AIM OF THE TASK -
Without including any image, repeat every record exactly.

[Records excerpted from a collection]
────────
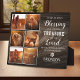 Placa conmemorativa de mascota personalizada que presenta un efecto de madera rústica de fondo, un collage de 6 fotos de tu amado animal, una cita de condolencias que dice "tu vida fue una bendición, tu recuerdo es un tesoro, eres amado más allá de las palabras y extrañado más allá de lo que se puede medir", una huella de pata con un corazón de amor, el nombre de tu perro o gato, y su fecha de nacimiento y fallecimiento. Esta placa conmemorativa de mascota es fácil de personalizar y es el regalo de condolencias perfecto para ti, tu familia o amigos para honrar a esas mascotas especiales que ya no están con nosotros.
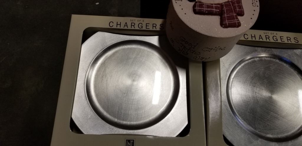 2 NEW SETS OF CHRISTMAS CHARGER PLATES, AND NEW HAND MADE GIFT BOX
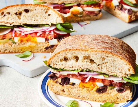 Discover the essence of the French Riviera with Niçoise Pan Bagnat—a delightful sandwich that captures the flavors of a salade niçoise, compressed between bread. Perfect for beach days or outdoor adventures, this sandwich’s true magic is revealed when prepared in advance, allowing the bread to absorb the rich dressing and meld with the vibrant fillings.
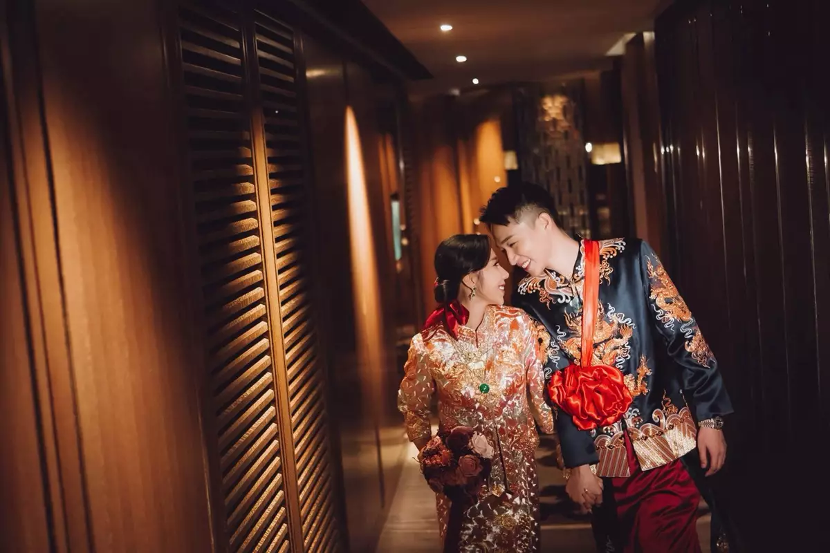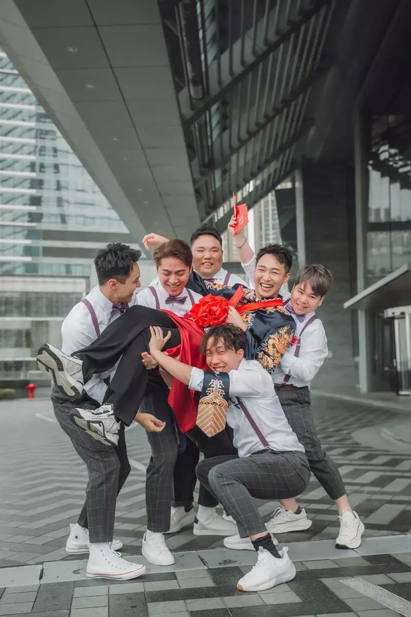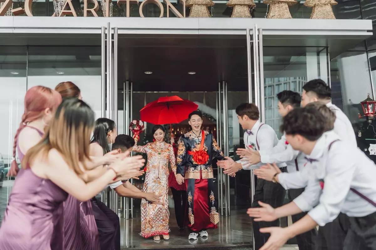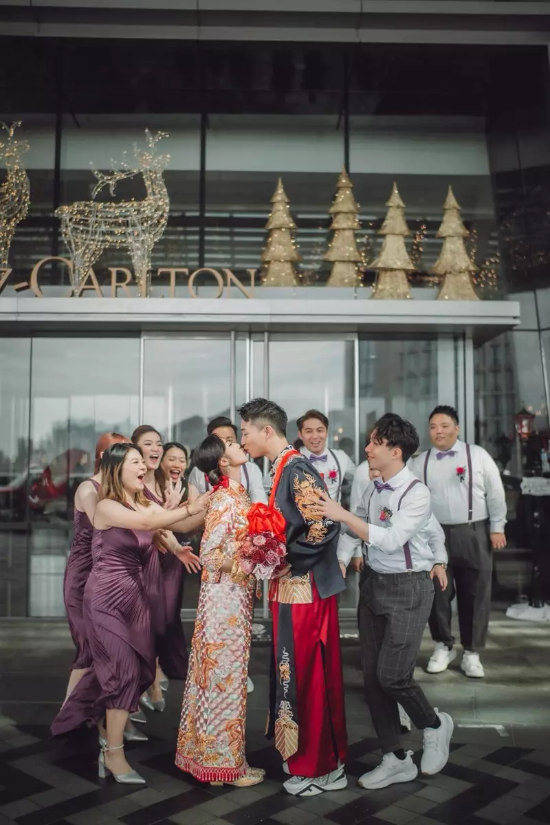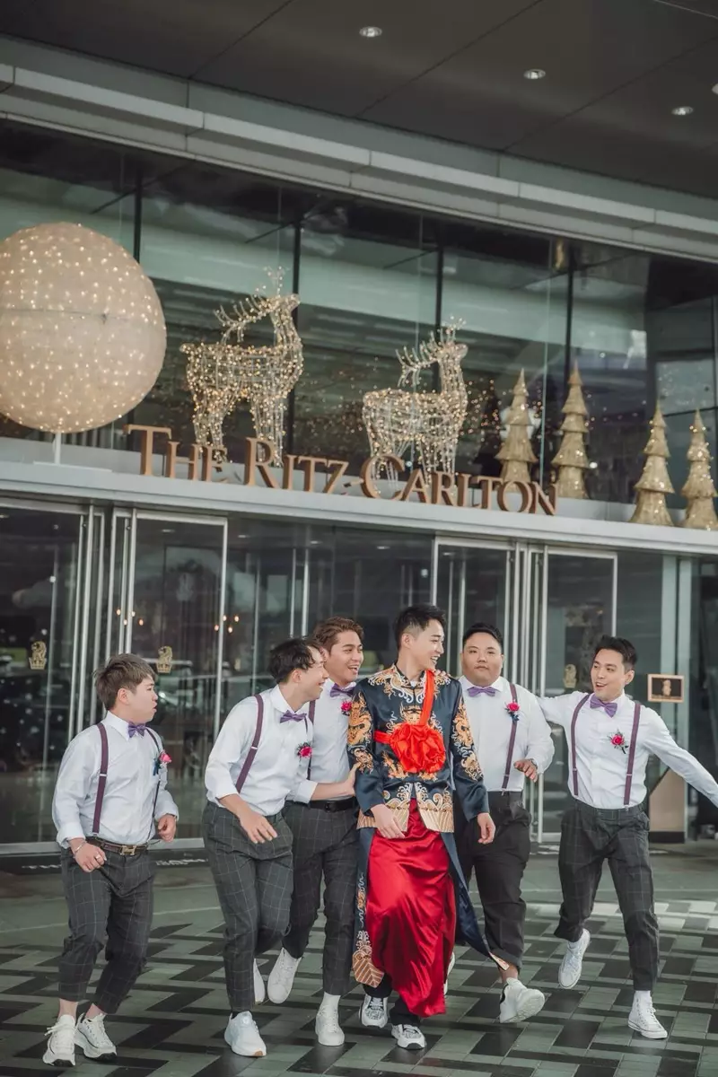婚禮當日,新郎天佑與眾兄弟包括鄒兆霆及陳俊堅,早上去到接新娘及進行敬茶儀式。天佑穿著藏藍色調金龍馬褂,當中新娘穿著金龍彩鳳粉紅鑽褂皇外,還全身都是金器,當中還戴上巨型流星錘龍鳳鈪,份量十足!
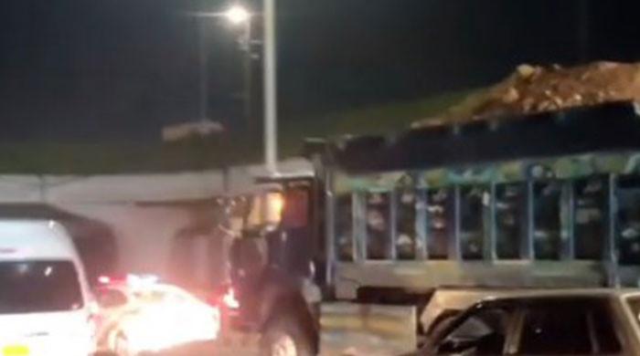 The traffic police had contacted the president of the Dumper Association, Liaquat Mehsud, and others to arrest the Duper driver who fled the traffic police on Sharea Faisal. At first, they asked for time, but then went back on their promise and did not put the Dumper and its driver in front of the police.
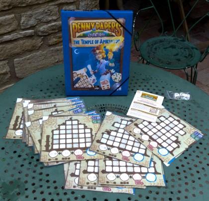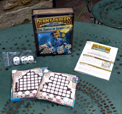 Penny Papers Adventures - The Temple of Apikhabou est le jeu le plus abordable de la collection Penny Papers. Le but est de créer la plus longue chaîne de numéros croissants consécutifs, ainsi que des triplettes différentes de nombres identiques. Le jeu est accessible même pour les joueurs assez jeunes. Il ne faut pas s'obnubiler sur la chaîne, les triplettes rapportent plus facilement des points. Version XXL pour l'Escale à jeux
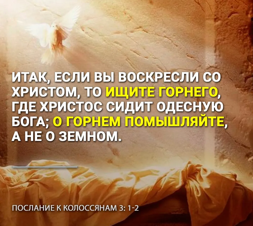 Колоссяне были воскрешены с Христом в крещении (Кол. 3:1; 2:12). Однако сам факт воскресения с Ним не обеспечивает немедленной зрелости. Требуются терпеливые усилия развить в себе христианские качества. Для этого необходимо сосредоточиться на небесном отношении к жизни, которое было у Иисуса. Новорожденные христиане, чья новая жизнь начинается с духовного рождения во время крещения (Ин. 3:3-5), подобны младенцам. Для духовного развития им требуется молоко Слова Божьего (1 Пет. 2:2).
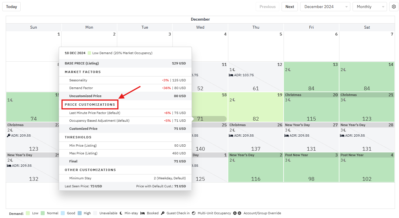 Any customizations (e.g., decrease prices for 2 night gaps by 20%) and date specific overrides (for example, to further increase prices for New Year's eve by 20%) are applied next.
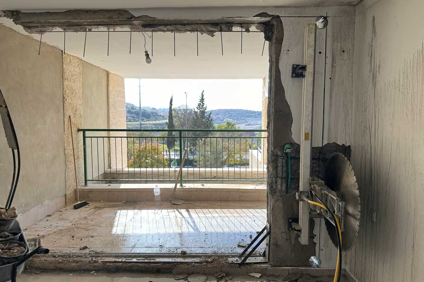 - ניסור בטון בבנייני מגורים: פתיחת חלונות ומעברים, שדרוג תשתיות פנימיות.
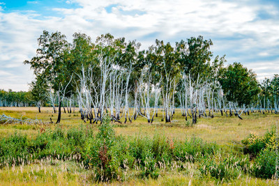 Russian nature as seen from the road in Bagan district, Novosibirsk region, Russia.
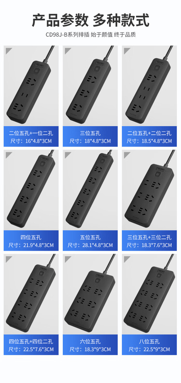 DELIXI national standard socket/socket board/socket strip/socket strip/pull line board/socket board/connection board 3-position combination master switch, total length 1 meter, black
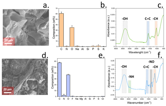 Contrary to the morphology observed in the case of coir peat, the compost sample showed a heterogeneous structure, containing plant-derived material and small soil particles (Figure 3d). However, in this case, a higher amount of nitrogen was recorded by EDS, with 2.2 wt% (Figure 3e), along with traces of silicon (0.39 wt%) and electrolytes including Na (0.19 wt%), Mg (0.28 wt%), and Cl (0.46 wt%). When peat-free compost was analysed by FTIR, the obtained spectra presented similarities with the one obtained by coir peat, with peaks at 3300 cm−1, 1630 cm−1, and 1100 cm−1 due to the presence of lignocellulose materials. However, in this case, additional stretches were observed at 2920 cm−1 and 1550 cm−1, which were attributed to the N-H stretching vibrations and nitrate ions, respectively [54,55]. These results are consistent with the previously observed composition of the compost sample given by EDS, with a higher concentration of nitrogen elements compared to coir peat.
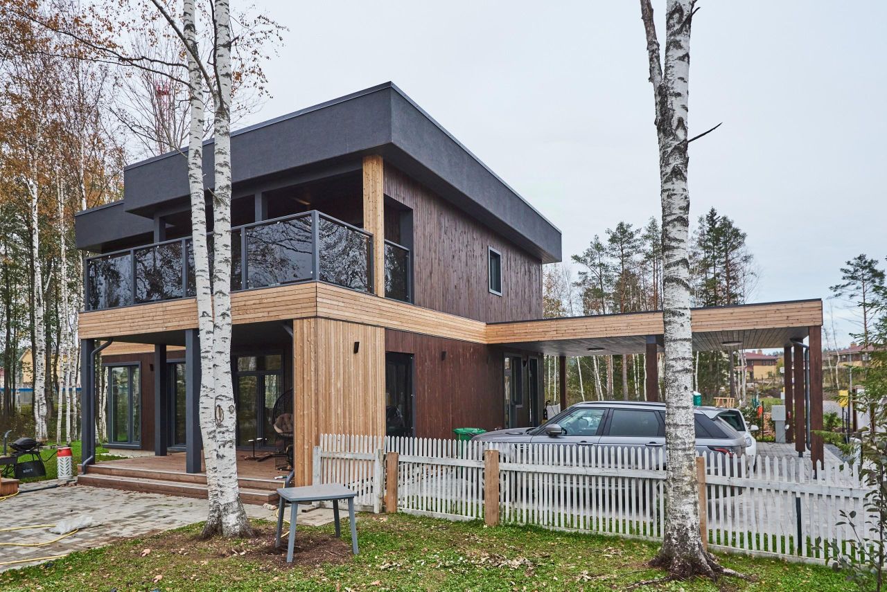 Стильный дом площадью 273 м2, где все метры рассчитаны на разумное использование. Продуманная планировка позволит комфортно проживать большой семье. Вы по достоинству оцените выход на террасу (23 м2) и просторную кухню-гостиную (ее площадь составляет более 50 м2). Кроме того, в доме есть 4 спальни с панорамными окнами.
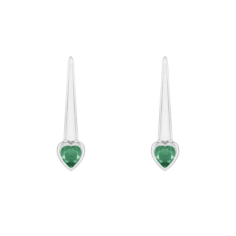 • elegantes flaches Band aus recyceltem Gold oder Platin, verbunden mit einem winzigen herzförmigen Smaragd
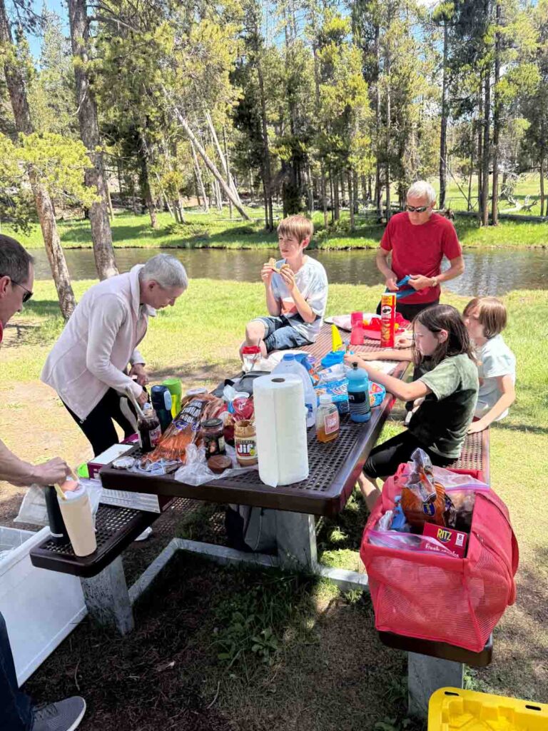 We took a road trip to drive from Seattle to Yellowstone so we were able to drive in with coolers. We ate out of our coolers for breakfast and lunch, but did a restaurant meal for dinners.
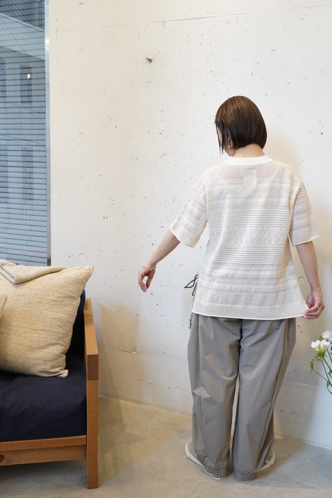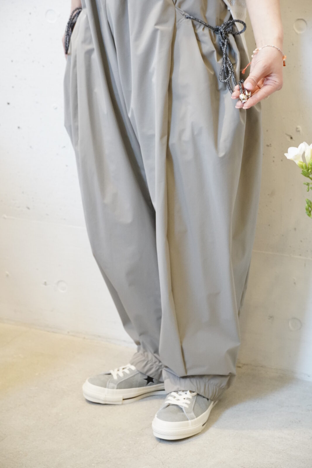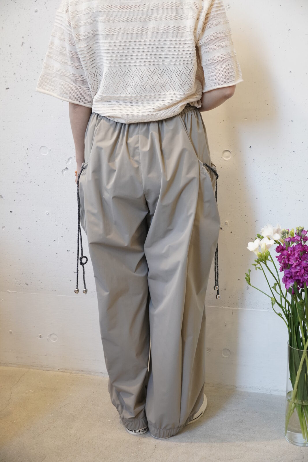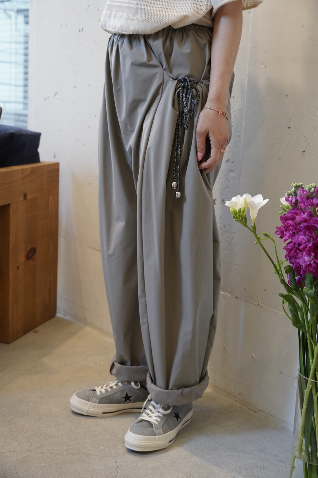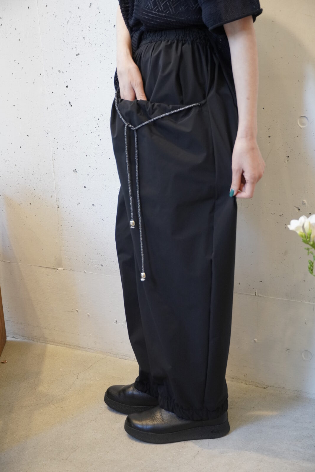 こちらも高密度に織られた軽やかなワイドストレートパンツです。程よいシボ感とハリ感があり、シワが目立ちにくいのも嬉しいポイントです。夏でも快適に履いていただけます。
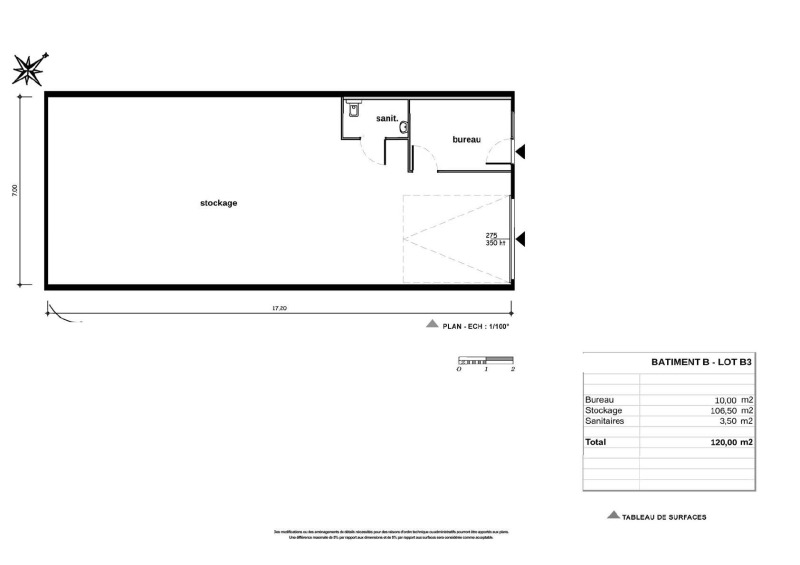 Le local d'une superficie de 120m² dispose d'un bureau climatisé, d'un espace de stockage avec porte sectionnelle motorisé et d'un espace sanitaire, équipé de prise RG45.
────────
ANSWER FOR THE TASK -
 Placa conmemorativa de mascota personalizada que presenta un efecto de madera rústica de fondo, un collage de 6 fotos de tu amado animal, una cita de condolencias que dice "tu vida fue una bendición, tu recuerdo es un tesoro, eres amado más allá de las palabras y extrañado más allá de lo que se puede medir", una huella de pata con un corazón de amor, el nombre de tu perro o gato, y su fecha de nacimiento y fallecimiento. Esta placa conmemorativa de mascota es fácil de personalizar y es el regalo de condolencias perfecto para ti, tu familia o amigos para honrar a esas mascotas especiales que ya no están con nosotros.
 2 NEW SETS OF CHRISTMAS CHARGER PLATES, AND NEW HAND MADE GIFT BOX
 Discover the essence of the French Riviera with Niçoise Pan Bagnat—a delightful sandwich that captures the flavors of a salade niçoise, compressed between bread. Perfect for beach days or outdoor adventures, this sandwich’s true magic is revealed when prepared in advance, allowing the bread to absorb the rich dressing and meld with the vibrant fillings.
婚禮當日,新郎天佑與眾兄弟包括鄒兆霆及陳俊堅,早上去到接新娘及進行敬茶儀式。天佑穿著藏藍色調金龍馬褂,當中新娘穿著金龍彩鳳粉紅鑽褂皇外,還全身都是金器,當中還戴上巨型流星錘龍鳳鈪,份量十足!
 The traffic police had contacted the president of the Dumper Association, Liaquat Mehsud, and others to arrest the Duper driver who fled the traffic police on Sharea Faisal. At first, they asked for time, but then went back on their promise and did not put the Dumper and its driver in front of the police.
 Penny Papers Adventures - The Temple of Apikhabou est le jeu le plus abordable de la collection Penny Papers. Le but est de créer la plus longue chaîne de numéros croissants consécutifs, ainsi que des triplettes différentes de nombres identiques. Le jeu est accessible même pour les joueurs assez jeunes. Il ne faut pas s'obnubiler sur la chaîne, les triplettes rapportent plus facilement des points. Version XXL pour l'Escale à jeux
 Колоссяне были воскрешены с Христом в крещении (Кол. 3:1; 2:12). Однако сам факт воскресения с Ним не обеспечивает немедленной зрелости. Требуются терпеливые усилия развить в себе христианские качества. Для этого необходимо сосредоточиться на небесном отношении к жизни, которое было у Иисуса. Новорожденные христиане, чья новая жизнь начинается с духовного рождения во время крещения (Ин. 3:3-5), подобны младенцам. Для духовного развития им требуется молоко Слова Божьего (1 Пет. 2:2).
 Any customizations (e.g., decrease prices for 2 night gaps by 20%) and date specific overrides (for example, to further increase prices for New Year's eve by 20%) are applied next.
 - ניסור בטון בבנייני מגורים: פתיחת חלונות ומעברים, שדרוג תשתיות פנימיות.
 Russian nature as seen from the road in Bagan district, Novosibirsk region, Russia.
 DELIXI national standard socket/socket board/socket strip/socket strip/pull line board/socket board/connection board 3-position combination master switch, total length 1 meter, black
 Contrary to the morphology observed in the case of coir peat, the compost sample showed a heterogeneous structure, containing plant-derived material and small soil particles (Figure 3d). However, in this case, a higher amount of nitrogen was recorded by EDS, with 2.2 wt% (Figure 3e), along with traces of silicon (0.39 wt%) and electrolytes including Na (0.19 wt%), Mg (0.28 wt%), and Cl (0.46 wt%). When peat-free compost was analysed by FTIR, the obtained spectra presented similarities with the one obtained by coir peat, with peaks at 3300 cm−1, 1630 cm−1, and 1100 cm−1 due to the presence of lignocellulose materials. However, in this case, additional stretches were observed at 2920 cm−1 and 1550 cm−1, which were attributed to the N-H stretching vibrations and nitrate ions, respectively [54,55]. These results are consistent with the previously observed composition of the compost sample given by EDS, with a higher concentration of nitrogen elements compared to coir peat.
 Стильный дом площадью 273 м2, где все метры рассчитаны на разумное использование. Продуманная планировка позволит комфортно проживать большой семье. Вы по достоинству оцените выход на террасу (23 м2) и просторную кухню-гостиную (ее площадь составляет более 50 м2). Кроме того, в доме есть 4 спальни с панорамными окнами.
 • elegantes flaches Band aus recyceltem Gold oder Platin, verbunden mit einem winzigen herzförmigen Smaragd
 We took a road trip to drive from Seattle to Yellowstone so we were able to drive in with coolers. We ate out of our coolers for breakfast and lunch, but did a restaurant meal for dinners.
 こちらも高密度に織られた軽やかなワイドストレートパンツです。程よいシボ感とハリ感があり、シワが目立ちにくいのも嬉しいポイントです。夏でも快適に履いていただけます。
 Le local d'une superficie de 120m² dispose d'un bureau climatisé, d'un espace de stockage avec porte sectionnelle motorisé et d'un espace sanitaire, équipé de prise RG45.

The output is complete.